Home » Congress » DST Energy Savings Didn’t Happen

DST Energy Savings Didn’t Happen

Under the we-told-you-so category, it turns out Congressional action to change daylight savings time didn’t really save any energy at all, causing many System Administrators a lot of trouble for no benefit.

As it turns out, the US Department of Energy (and almost everyone else except members of Congress) was correct when they predicted that there would be little energy savings. This echoed concerns voiced after a similar experiment was attempted in Australia. Critics pointed out a basic fact: the gains in the morning will be offset by the losses at night, and vice-versa, at both ends of the switch. That appears to be exactly what happened.

NEW YORK (Reuters) – The early onset of Daylight Savings Time in the United States this year may have been for naught.

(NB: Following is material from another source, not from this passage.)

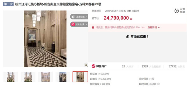 无独有偶。6月8日,在阿里资产上又成交了一套杭州江河汇核心板块的稀缺豪宅,叫好又叫座!一套205㎡的万科大都会79号二手房,以2479万的总价成功售出,折合单价12.05万元/㎡。5万余人围观,29人缴纳50万保证金报名,最后经过214次延时、369次出价,从早上10点一直激烈竞价到下午14:35,最终成交价是起拍价的近5倍!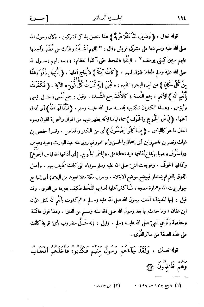 قَوْلُهُ تَعَالَى: (وَضَرَبَ اللَّهُ مَثَلًا قَرْيَةً) هَذَا مُتَّصِلٌ بِذِكْرِ الْمُشْرِكِينَ. وَكَانَ رَسُولُ اللَّهِ صَلَّى اللَّهُ عَلَيْهِ وَسَلَّمَ دَعَا عَلَى مُشْرِكِي قُرَيْشٍ وَقَالَ:" اللَّهُمَّ اشْدُدْ وَطْأَتَكَ عَلَى مُضَرٍ وَاجْعَلْهَا عَلَيْهِمْ سِنِينَ كَسِنِي يُوسُفَ". فَابْتُلُوا بِالْقَحْطِ حَتَّى أَكَلُوا الْعِظَامَ، وَوَجَّهَ إِلَيْهِمْ رَسُولُ اللَّهِ صَلَّى اللَّهُ عَلَيْهِ وَسَلَّمَ طَعَامًا فَفُرِّقَ فِيهِمْ. (كانَتْ آمِنَةً) لا يهاج أهلها. (يَأْتِيها رِزْقُها رَغَداً مِنْ كُلِّ مَكانٍ) مِنَ الْبَرِّ وَالْبَحْرِ، نَظِيرُهُ" يُجْبى إِلَيْهِ ثَمَراتُ كُلِّ شَيْءٍ «١» " الْآيَةَ. (فَكَفَرَتْ بِأَنْعُمِ اللَّهِ) الْأَنْعُمُ: جَمْعُ النِّعْمَةِ، كَالْأَشُدِّ جَمْعُ الشِّدَّةِ. وَقِيلَ: جَمْعُ نُعْمَى، مِثْلَ بُؤْسَى وَأَبْؤُسٍ. وَهَذَا الْكُفْرَانُ تَكْذِيبٌ بِمُحَمَّدٍ صَلَّى اللَّهُ عَلَيْهِ وَسَلَّمَ. (فَأَذاقَهَا اللَّهُ) أَيْ أَذَاقَ أَهْلَهَا. (لِباسَ الْجُوعِ وَالْخَوْفِ) سَمَّاهُ لِبَاسًا لِأَنَّهُ يَظْهَرُ عَلَيْهِمْ مِنَ الْهُزَالِ وَشُحُوبَةِ اللَّوْنِ وَسُوءِ الْحَالِ مَا هُوَ كَاللِّبَاسِ. (بِما كانُوا يَصْنَعُونَ) أي من الكفر والمعاصي. وقرا حَفْصُ بْنُ غِيَاثٍ وَنَصْرُ بْنُ عَاصِمٍ وَابْنُ أَبِي إِسْحَاقَ وَالْحَسَنُ وَأَبُو عَمْرٍو فِيمَا رَوَى عَنْهُ عَبْدُ الْوَارِثِ وَعُبَيْدٌ وَعَبَّاسٌ" وَالْخَوْفُ" نَصْبًا بِإِيقَاعِ أَذَاقَهَا عَلَيْهِ، عَطْفًا عَلَى." لِباسَ الْجُوعِ" [أي أذاقها الله لِبَاسَ الْجُوعِ «٢»] " وَأَذَاقَهَا الْخَوْفَ. وَهُوَ بَعْثُ النَّبِيِّ صَلَّى اللَّهُ عَلَيْهِ وَسَلَّمَ سَرَايَاهُ الَّتِي كَانَتْ تَطِيفُ بِهِمْ. وَأَصْلُ الذَّوْقِ بِالْفَمِ ثُمَّ يُسْتَعَارُ فَيُوضَعُ مَوْضِعَ الِابْتِلَاءِ. وَضَرَبَ مَكَّةَ مَثَلًا لِغَيْرِهَا مِنَ الْبِلَادِ، أَيْ أَنَّهَا مَعَ جِوَارِ بَيْتِ اللَّهِ وَعِمَارَةِ مَسْجِدِهِ لَمَّا كَفَرَ أَهْلُهَا أَصَابَهُمُ الْقَحْطُ فَكَيْفَ بِغَيْرِهَا مِنَ الْقُرَى. وَقَدْ قِيلَ: إِنَّهَا الْمَدِينَةُ، آمَنَتْ بِرَسُولِ اللَّهِ صَلَّى اللَّهُ عَلَيْهِ وَسَلَّمَ، ثُمَّ كَفَرَتْ بِأَنْعُمِ اللَّهِ لِقَتْلِ عثمان ابن عَفَّانَ، وَمَا حَدَثَ بِهَا بَعْدَ رَسُولِ اللَّهِ صَلَّى اللَّهُ عَلَيْهِ وَسَلَّمَ مِنَ الْفِتَنِ. وَهَذَا قَوْلُ عَائِشَةَ وَحَفْصَةَ زَوْجَيِ النَّبِيِّ صَلَّى اللَّهُ عَلَيْهِ وَسَلَّمَ. قيل: إِنَّهُ مَثَلٌ مَضْرُوبٌ بِأَيِّ قَرْيَةٍ كَانَتْ عَلَى هذه الصفة من سائر القرى.

The move to turn the clocks forward by an hour on March 11 rather than the usual early April date was mandated by the U.S. government as an energy-saving effort.

But other than forcing millions of drowsy American workers and school children into the dark, wintry weather three weeks early, the move appears to have had little impact on power usage.

“We haven’t seen any measurable impact,” said Jason Cuevas, spokesman for Southern Co., one of the nation’s largest power companies, echoing comments from several large utilities.

Once again, Congress feels the need to “do something”, even if it’s stupid and won’t accomplish anything, and even if they’ve been told beforehand it won’t work. Oh well, at least they sleep better at night for “helping” solve the energy problem by changing DST rules.

But look at the bill itself:


(a) Amendment- Section 3(a) of the Uniform Time Act of 1966 (15 U.S.C. 260a(a)) is amended–

(1) by striking `first Sunday of April’ and inserting `second Sunday of March’; and

(2) by striking `last Sunday of October’ and inserting `first Sunday of November’.

(b) Effective Date- Subsection (a) shall take effect 1 year after the date of enactment of this Act or March 1, 2007, whichever is later.

(c) Report to Congress- Not later than 9 months after the effective date stated in subsection (b), the Secretary shall report to Congress on the impact of this section on energy consumption in the United States.

(d) Right to Revert- Congress retains the right to revert the Daylight Saving Time back to the 2005 time schedules once the Department study is complete.

Only Congress could mandate such sweeping change, and only decide to study the effects after it’s enacted. These are the people going to solve budget, healthcare and other critical issues? With nifty and well thought-out legislation like this, it’s one reason why we say “gridlock is good” — a do-nothing Congress is good for the country.